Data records
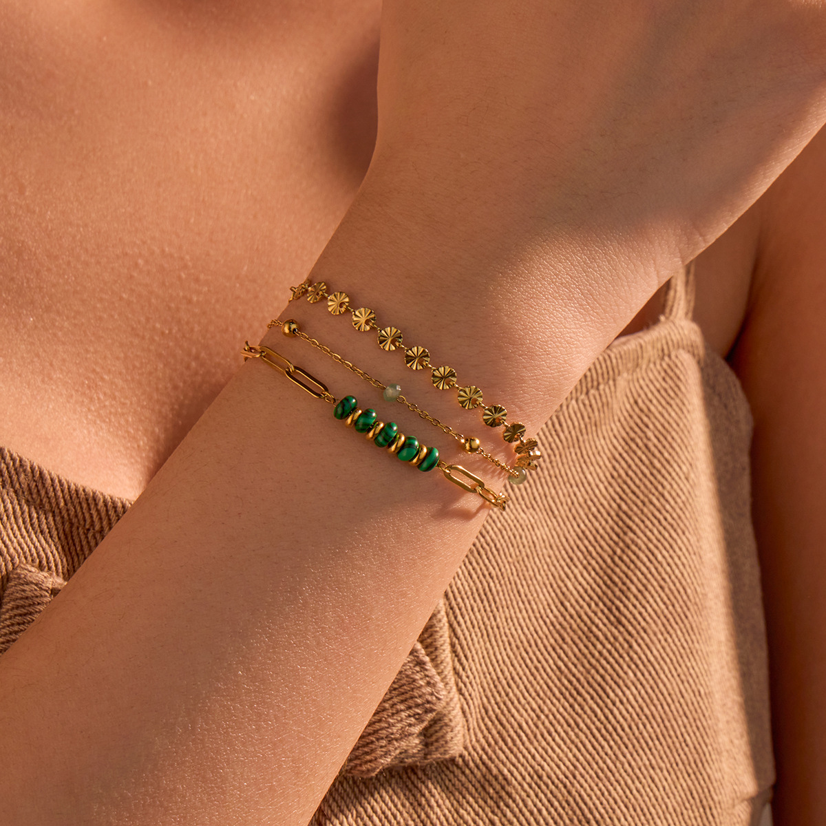 Bracciale gioielli in acciaio inossidabile, 304 acciaio inox, with Pietra naturale, Placcato oro 18K, tre strati & gioielli di moda & per la donna, Venduto da PC
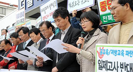 전북지역 시민단체인 사회공공성.공교육강화 전북네트워크는 30일 전북교육청 앞에서 내일 치뤄지는 진단평가는 학교와 학생을 서열화하는 비교육적인 시험이며, 진단 평가를 거부하고 학생의 신청을 받아 당일 체험학습을 진행한다는 기자회견을 하고 있다.
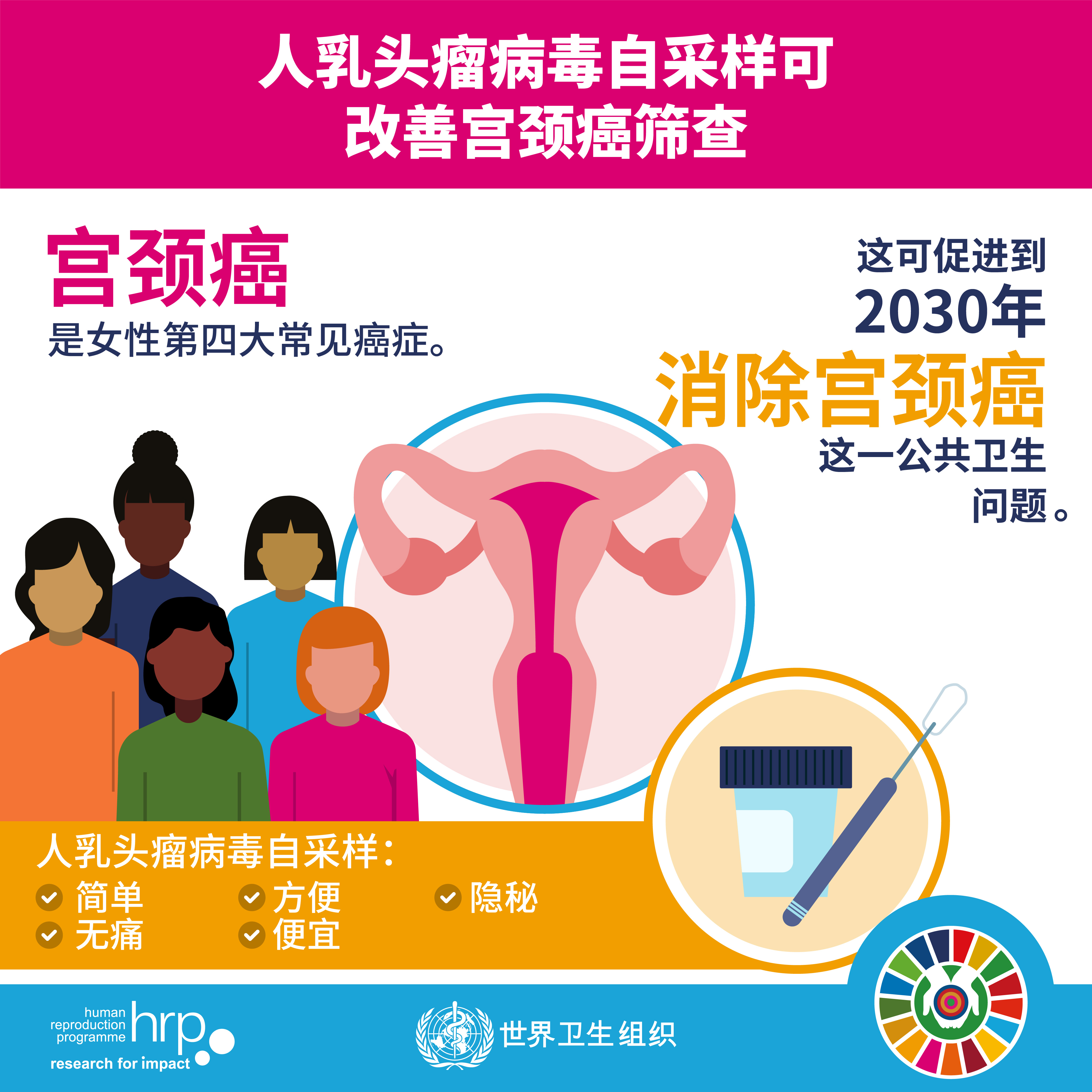 世界卫生组织关于消除宫颈癌的全球行动号召,明确HPV自采样可改善宫颈癌筛查,具有简单、方便、隐私、无痛及经济等优点。
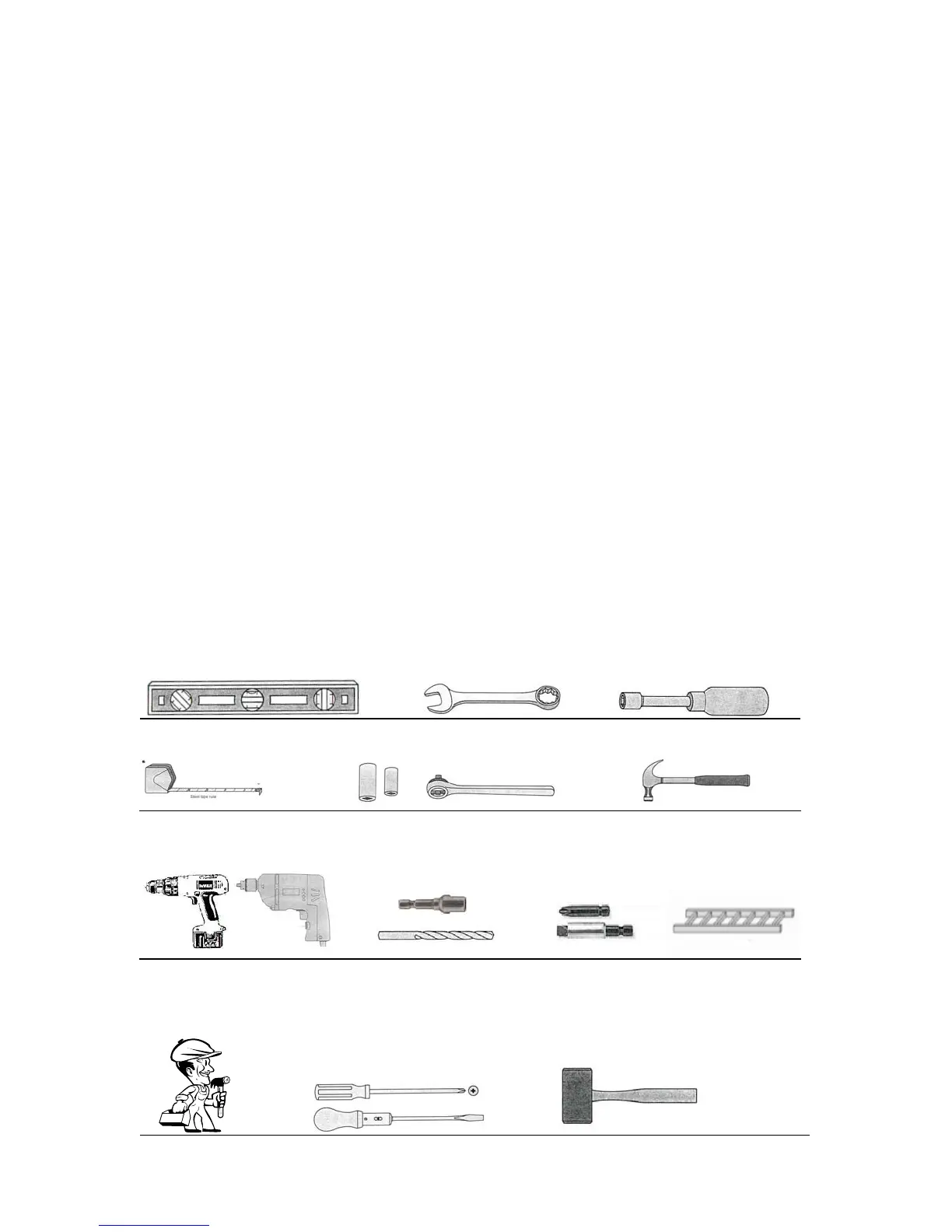 (These are the tools that are generally required for assembly of our playsets. These tools are not included in the playset purchase.)
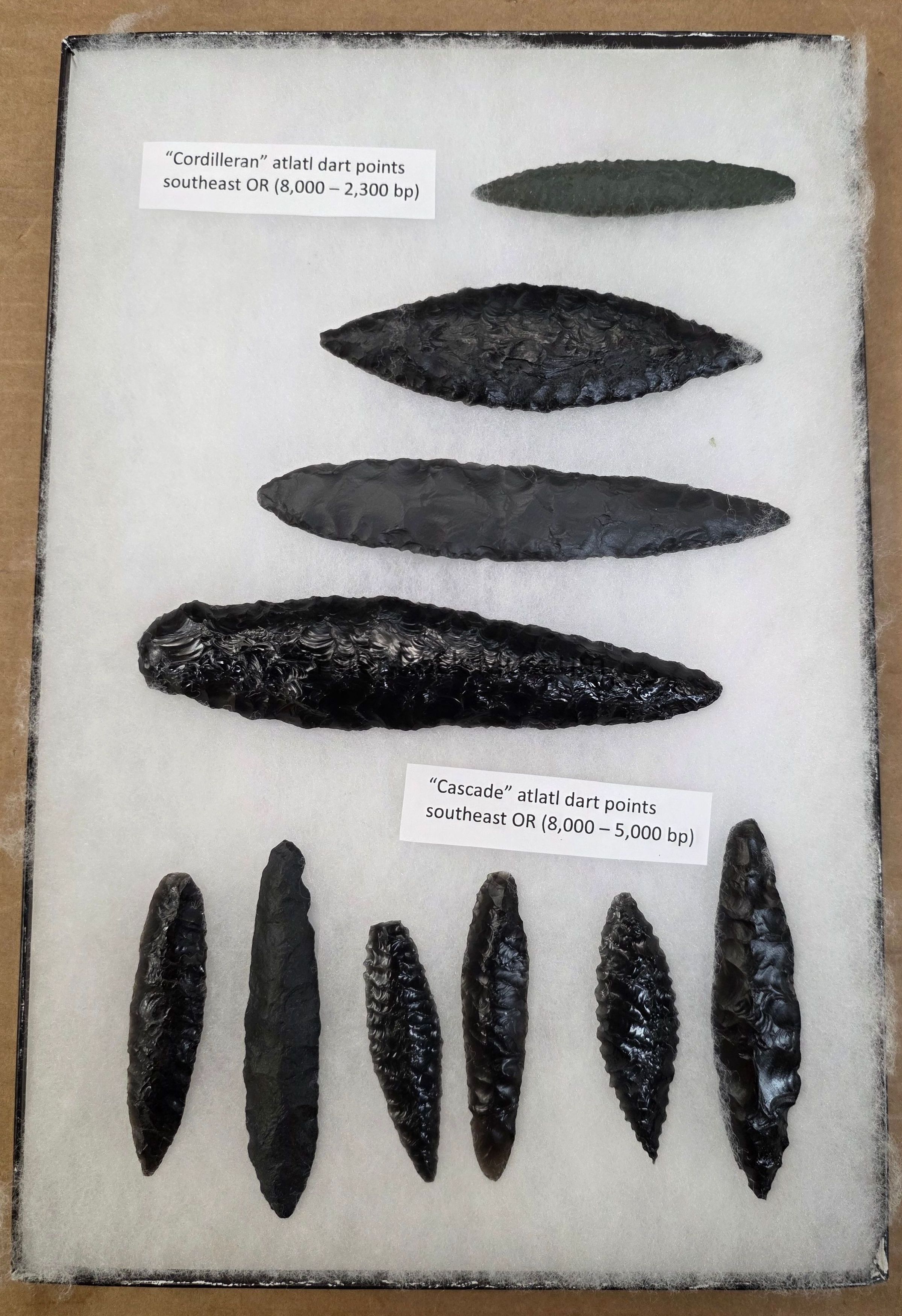 10 obsidian and flint projectile points- 4 Cordilleran and 6 Cascade forms- in an 8"x12" Riker frameCollection
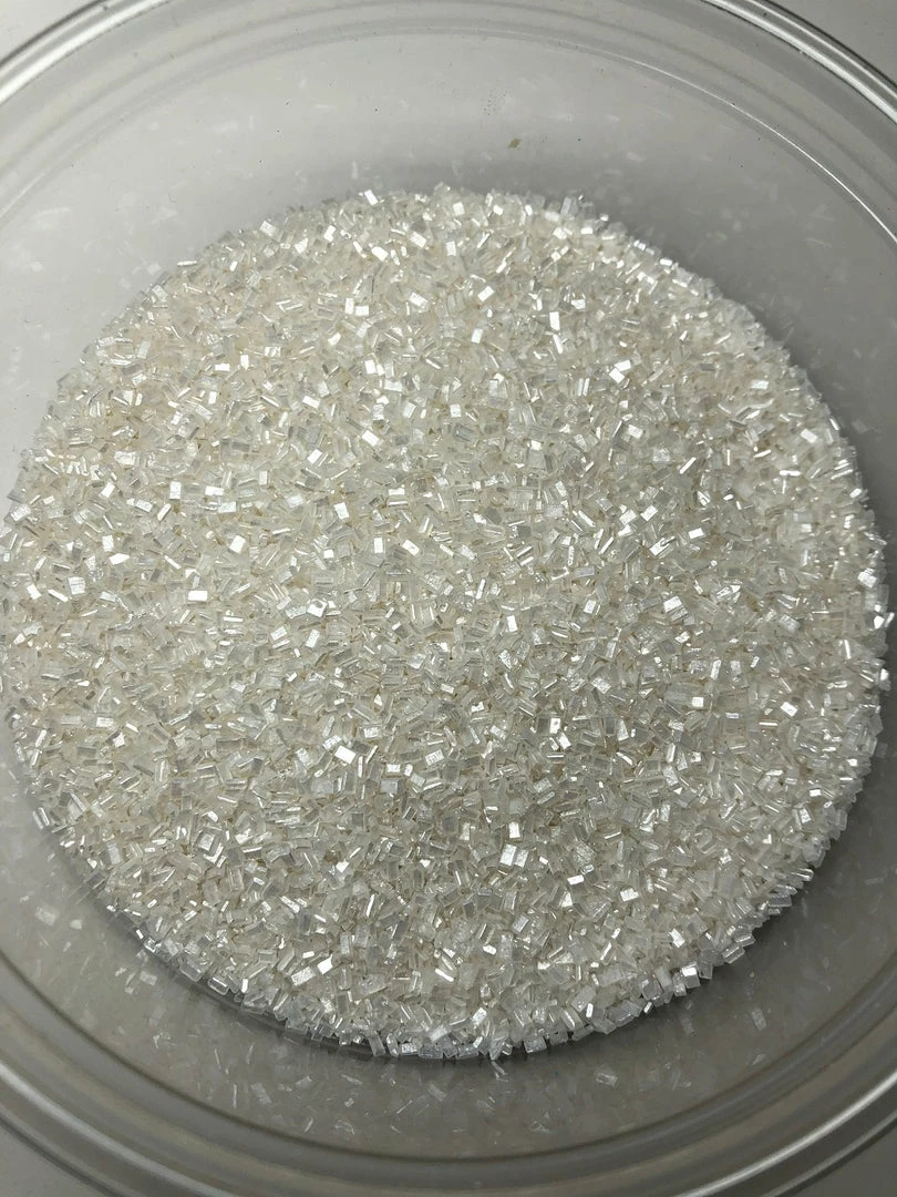 White Crystals sugar sprinkles. Shiny, larger size pieces of sugar sprinkles up to 1/16″. The perfect topping for your cookies, cupcakes, ice cream, or any other dessert! This listing is for a bulk 1 pound package of white sugar crystals sprinkles.
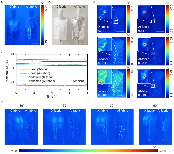 通过附有X-film(X-fabric)和铝箔(Al-fabric)的棉织物穿在假人模型身上进行多光谱伪装与降温性能验证,模型的胸部和腹部等主要部位贴有加热片模拟人体发热。
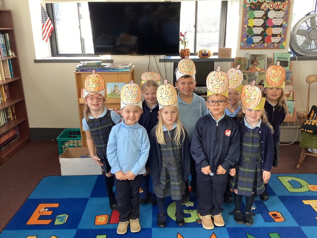 Mr. Slattery reminded students every time they see a Jack O’Lantern this Autumn that it represents the light of Jesus in the world. They finished their unit on Halloween by reading “The Monster at the End of The Book” and creating Jack O-Lantern headbands to remember that they carry the light of Jesus wherever they go.
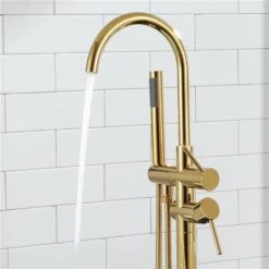 CASAINC Gold 1-Handle Freestanding Bathtub Faucet With Hand Shower
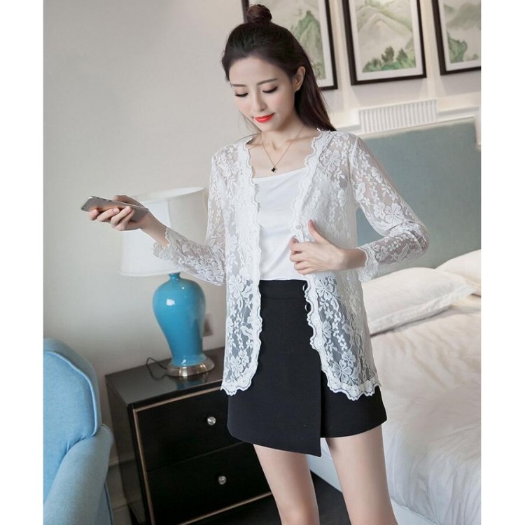 TE8708XBFS Cardigan sexy con protezione solare in pizzo trasparente
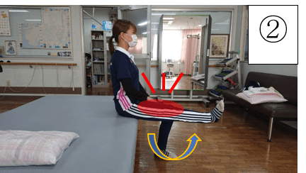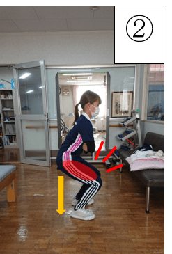①の姿勢からお尻を下ろして②の姿勢でキープ!!そしてゆっくり①の姿勢に戻ります。
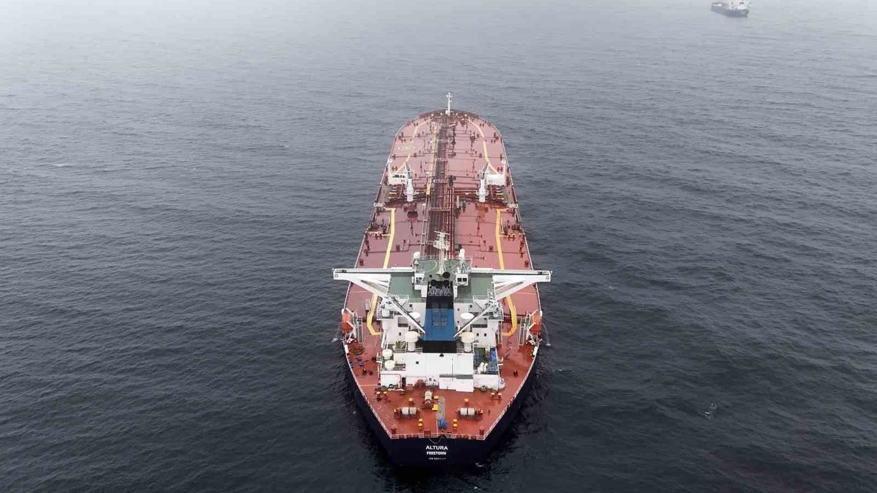 Geçtiğimiz günlerde İstanbul Boğazı'na 14 mil mesafede vurulan Altura isimli tanker havadan görüntülendi.

→ **Exercise objective**
Extract exactly the lines above from the line containing "①の姿勢からお尻を下ろして②の姿勢でキープ!!そしてゆっくり①の姿勢に戻ります。" through the last one, both ends included, but not the pictures.

→ **Your solution**
①の姿勢からお尻を下ろして②の姿勢でキープ!!そしてゆっくり①の姿勢に戻ります。
 Geçtiğimiz günlerde İstanbul Boğazı'na 14 mil mesafede vurulan Altura isimli tanker havadan görüntülendi.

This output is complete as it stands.